Oh no that’s not good. I hope you’re ok. How was he afterwards?

The line “having his cake and eating it” comes to mind. He’s left but you’re giving him what he wants without any of the responsibility of being a husband / dad etc don’t give him that gift.

Unless this is a reconciliation, it isn’t a good idea to do it again.

big hugs 💐💐

threeandmeandthedog · 26/12/2022 14:56

This has been such a hard few days. Xmas at mine with kids, STBEXH , his brother and all the cousins. The kids had a good day and it was amicable between us. But I just sobbed and sobbed when I went to bed. The DC have gone to him for the rest of the week now and I just hate being in this empty house without them. I feel drained and sad. This is not the life I imagined after 17 years together. I do not want to be apart from my children. Even though they are teens and do their own thing I miss thier presence.

@Emptyinsidetothecore my friends have said similar so I am hopeful for a positive future. I know things will get better.

it really hit me yesterday how much everything has changed, that all the routines of our lives, holidays, birthdays, they will all look different now. This really feels overwhelming at times. I just need to remember change is always unsettling and often things change for the better.

There is no way I would want to get back with H but it is hard to let go of a life you’ve built together. Especially when moments of Xmas felt normal and then I had to remember the reality.

I hope everyone is managing to feel some peace and have some calm and happy moments amoungst the difficult ones. 🍷 🍫 📺 💐

threeandmeandthedog · 26/12/2022 14:57

@ThePredictableScript I hope you are ok- that sounds really hard. Sounds like you are looking after yourself and putting clear boundaries up. Keep on keeping on

Emptyinsidetothecore · 26/12/2022 15:10

I’ve sobbed today @threeandmeandthedog as DC also gone to their dad. The future is going to be so different. As you say, birthdays, holidays and school events. I don’t want any of this.
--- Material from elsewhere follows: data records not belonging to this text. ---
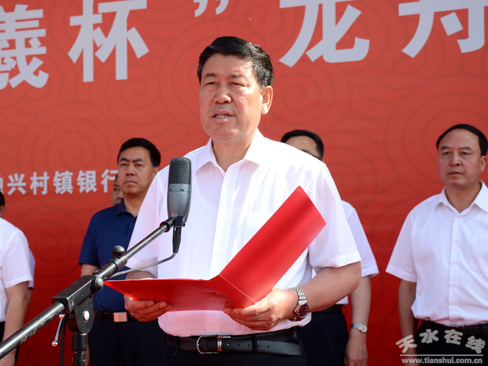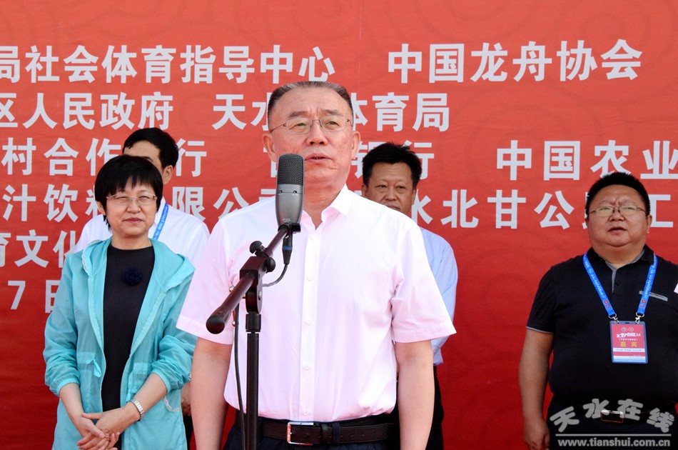 王軍在講話中說,近年來,我市依托文化旅游資源和良好的體育發(fā)展基礎(chǔ),廣泛開展群眾體育活動(dòng),積極打造精品體育賽事品牌,先后成功舉辦了全國山地自行車公開賽,中國龍舟公開賽,中國垂釣電視直播精英賽,“李廣杯”國際傳統(tǒng)射箭競標(biāo)賽等一系列國際國內(nèi)重大賽事,有力地促進(jìn)了全市體育和文化旅游深度融合發(fā)展。中國龍舟公開賽作為國內(nèi)頂級體育賽事,他的舉辦對于我們弘揚(yáng)中華民族優(yōu)秀傳統(tǒng)文化,豐富群眾體育文化生活,展示天水改革發(fā)展嶄新面貌提升天水對外知名度和影響力,加快建設(shè)絲綢之路經(jīng)濟(jì)帶宜居宜業(yè)宜游的區(qū)域性中心城市具有十分重要的意義。希望各參賽隊(duì)團(tuán)結(jié)拼搏,賽出風(fēng)格,賽出友誼,賽出水平。麥積區(qū)要精心安排部署,周密協(xié)調(diào)組織,全力服務(wù)保障,共同把這次大賽辦成弘揚(yáng)龍舟精神,推動(dòng)合作共贏的盛會(huì)。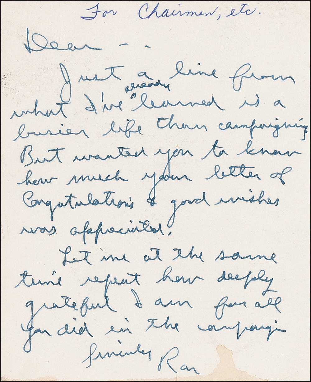 ALS signed “Ron,” one page, 4 x 5, no date [as governor]. A handwritten draft of a form letter. In full: “Just a line from what I’ve already learned is a busier life than campaigning. But wanted you to know how much your letter of congratulations & good wishes was appreciated. Let me at the same time repeat how deeply grateful I am for all you did in the campaign….” Ink notation to top edge and light stain to bottom edge (near but not touching signature), otherwise fine condition. RRAuction COA.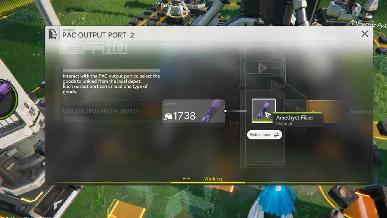 - 输入:紫水晶纤维(你应该有一个精炼机,用原始紫水晶矿石制造纤维)。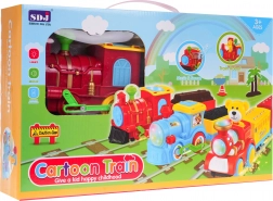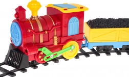 Interaktivna lokomotiva za djecu 3+ sa svjetlima, zvukovima i pokretnim elementima, 2 vagona i pribor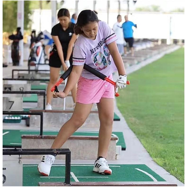 - Giúp nguời chơi hoàn thành các bài tập, tạo tư thế tay cầm đúng cách, xoay vững vàng hơn. Hỗ trợ tập đúng kỹ thuật swing golf • Luyện backswing, downswing, Impact. • Giúp xoay hông đúng để giữ hướng và gia tăng lực đánh • Chống slice,Tập Lag. • Luyện giữ thẳng tay trái giúp đánh thẳng và impact chuẩn. • Dụng cụ gọn nhẹ hỗ trợ tập đơn giản và hiệu quả, có thể kết hợp với nhiều bài tập khác.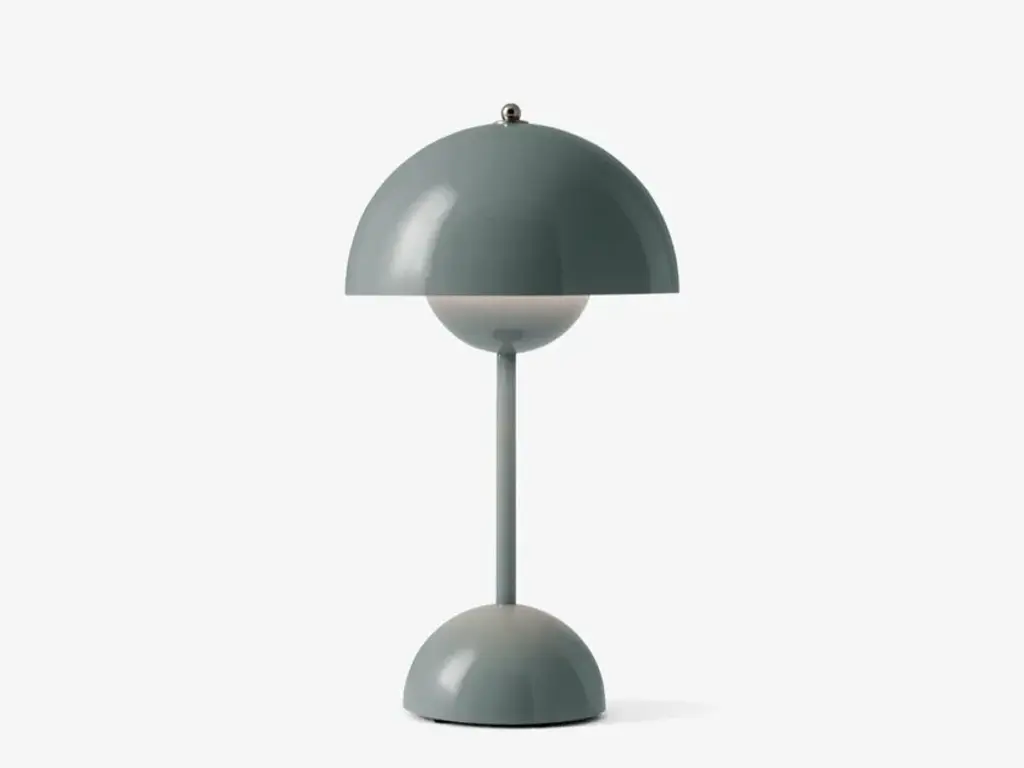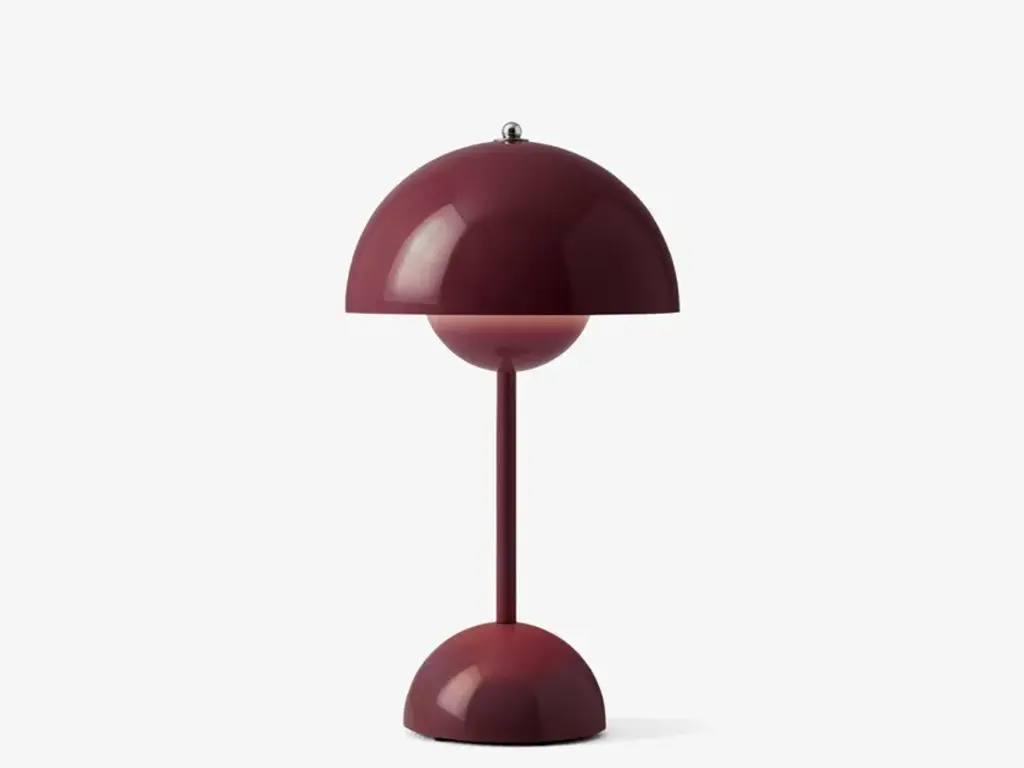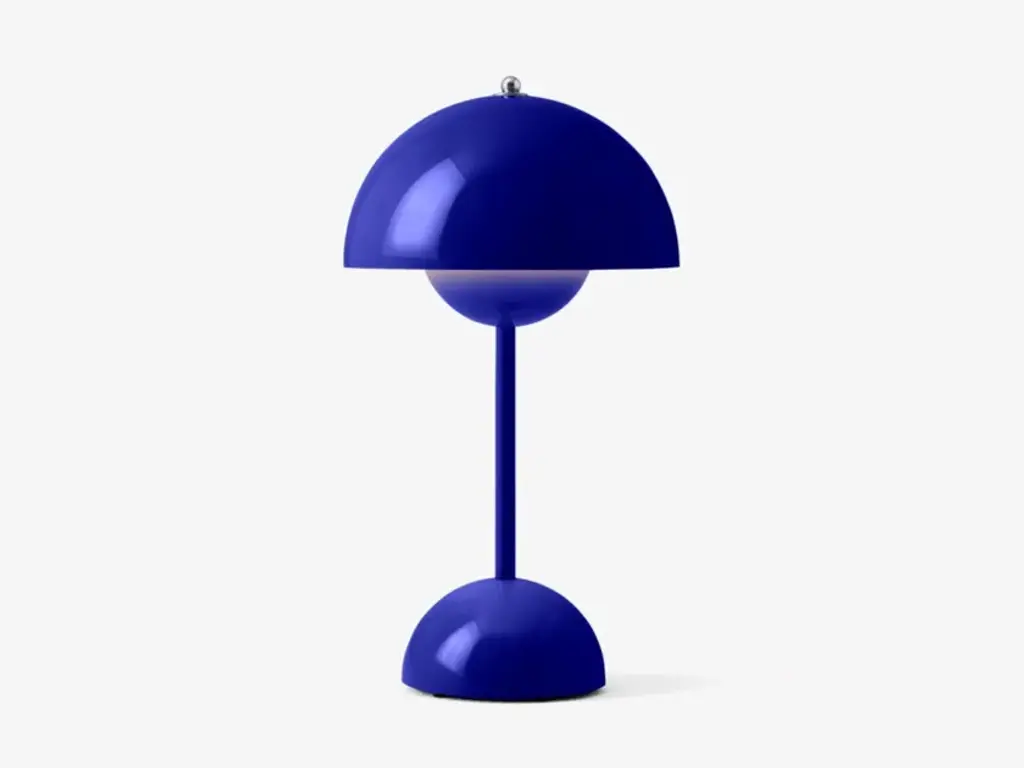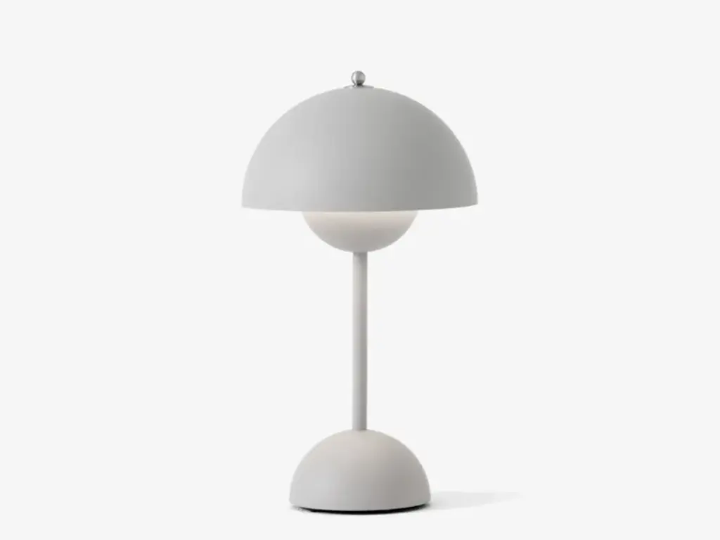 The Flowerpot, a vividly coloured lamp with a rounded pendant that hangs from the semi-domed upper shade, embodies the experimental attitude of Verner Panton. Slightly smaller in size than the table lamp version, and deliberately lightweight, the portable VP9 comes equipped with a USB charging cable. It is available in a wide range of contemporary colours and will bring a cozy atmosphere to indoor and outdoor settings.Production processThe base and the lamp shade are molded in polycarbonate (PC). The dimmer is made from steel.EnvironmentThis lamp is for indoors use only. It can be taken outdoors, but must be kept and stored indoors.MaterialPolycarbonate (PC), steelColoursBeige Red (RAL3012)Light Blue (NCS S3020 R90B)Mustard (NCS S3060Y10R)Red Brown (RAL8012)Grey Beige (NCS S4005Y20R)Dark Green (NCS S8010B70G)White (RAL9010)Stone Blue (NCS S6005-B80G)Matt Black (RAL9017)Matt Light Grey (PT 3U)Matt White (RAL9003)Voltage:Recharge input: 5.0V, 2ABatteryOperating time when fully charged: 10 hoursCharging time: 8 hoursReplaceable &Tradition battery. Can be purchased at &Tradition.Light Source & Energy Efficiency3W LED boardLight output: 104 lumenCRI: >90Colour temperature (Kelvin): 2700KLED life time: 50.000 hoursThe luminaire is compatible with bulbs of energy class A++ – A.Replaceable &Tradition light bulb. Can be purchased at &Tradition.Dimmability3 levels (100% – 50% – 20%)Charging CableMicro USB, 200cm / 78.7inCertificationsCE, CB, IP44, Class IIICleaning instructionsWipe the surface of the lamp with a soft, damp sponge or cloth, and wipe immediately with a dry cloth.

I feel so lonely today and despite lots of friends and family, I don’t want to socialise nor do I want to put my depressive state on to them. I went for a walk which I love, but I just felt so unhappy seeing so many families out and about.

I am curled up on the sofa, watching Spooks box set, and feeling sorry for myself.

threeandmeandthedog · 26/12/2022 15:38

@Emptyinsidetothecore I think it’s probably a good thing to have a good sob- it let’s it all out and helps process things.

I have been invited to friends and am really not in the mood but might force myself just to get out of the house. At the same time I also want to learn to feel ok and comfortable with being home alone. One step at a time though. Hope you feel a bit better and Spooks provides a good distraction.

Always4Brenner · 26/12/2022 15:52

Hugs all of you suffering I did my suffering last year and before that so this year for me has been fantastic but my heart aches for all of you in sad places missing children. May we get through these last days of 2022 together onwards into a new year.

sweatervest · 26/12/2022 16:16

I've only just got up. Haven't eaten all day and am just feeling awful that my kids see me in this state.
They have a much better time with their dad at Christmas and that breaks me every year.

But hooray that this shitty (for me and lots of everyone else in this thread) year is nearly over.